Jun mengacak-acak rambutku pelan, lalu berjalan meninggalkan kamar rawat inapku. Ia sempat membungkuk sedikit saat berpapasan dengan Chayoung dan Seungyeon—lalu setelah pintu tertutup, Chayoung dan Seungyeon berjalan mendekatiku.

“Kau sakit apa, Xiao? Kenapa bisa sampai begini?”

Ya, sejak kapan memangnya? Kenapa kau tidak bilang-bilang kalau kau dirawat inap?”

Mendapat pertanyaan-pertanyaan yang beruntun itu membuat kepalaku semakin pusing saja. Aku meminta maaf pada mereka berkali-kali karena sudah menyembunyikan penyakitku sejak lama.

Seungyeon sempat memasang wajah cemberut saat mendengar itu, namun raut wajahnya kembali normal saat aku berkata bahwa aku hanya tidak ingin mereka khawatir.

Aku menceritakan semuanya pada mereka. Semuanya.

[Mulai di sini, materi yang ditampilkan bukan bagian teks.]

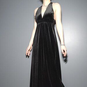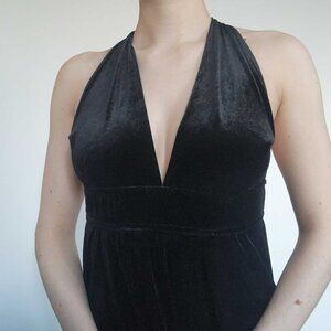 Vintage 90s low cut black velvet babydoll halter maxi dress for the Holidays

Mulai dari model Jepang itu sampai aku yang ketakutan setengah mati hingga tidak berpikir panjang dengan apa yang telah kulakukan dan juga penyakitku. Tiba-tiba saja Chayoung memelukku.

“Aku tahu kau menderita, Xiao,” ujarnya. “Tapi aku juga percaya, Cheng Xiao bukanlah seorang gadis yang mudah menyerah. Iya, kan?”

Setelah itu Seungyeon ikut bergabung, dan kami bertiga sama-sama terisak untuk yang kesekian kalinya sejak pertama kali kami mengenal satu sama lain.

Mereka berdua memanglah yang terbaik. Aku bersyukur karena telah dipertemukan dengan mereka.

“Kau akan baik-baik saja, Xiao. Kau masih punya kami berdua. Lain kali, kau bisa menceritakan masalahmu pada kami, tanpa perlu khawatir,” ujar Chayeoung. “Itulah gunanya teman, Xiao.”

“Jangan takut. Kau pasti bisa sembuh. Fighting!”

Aku tertawa kecil mendengarnya, dan mereka berdua tersenyum menatapku dengan mata yang masih basah.

“Ah, tadi itu Jun, kan?” tanya Seungyeon tiba-tiba. Aku hanya mengangguk, lalu dengan wajah keheranan ia melanjutkan,“Ia sudah menolakmu seperti itu dan sekarang ia ada di sini untuk menjagamu? Uhm, maksudku—”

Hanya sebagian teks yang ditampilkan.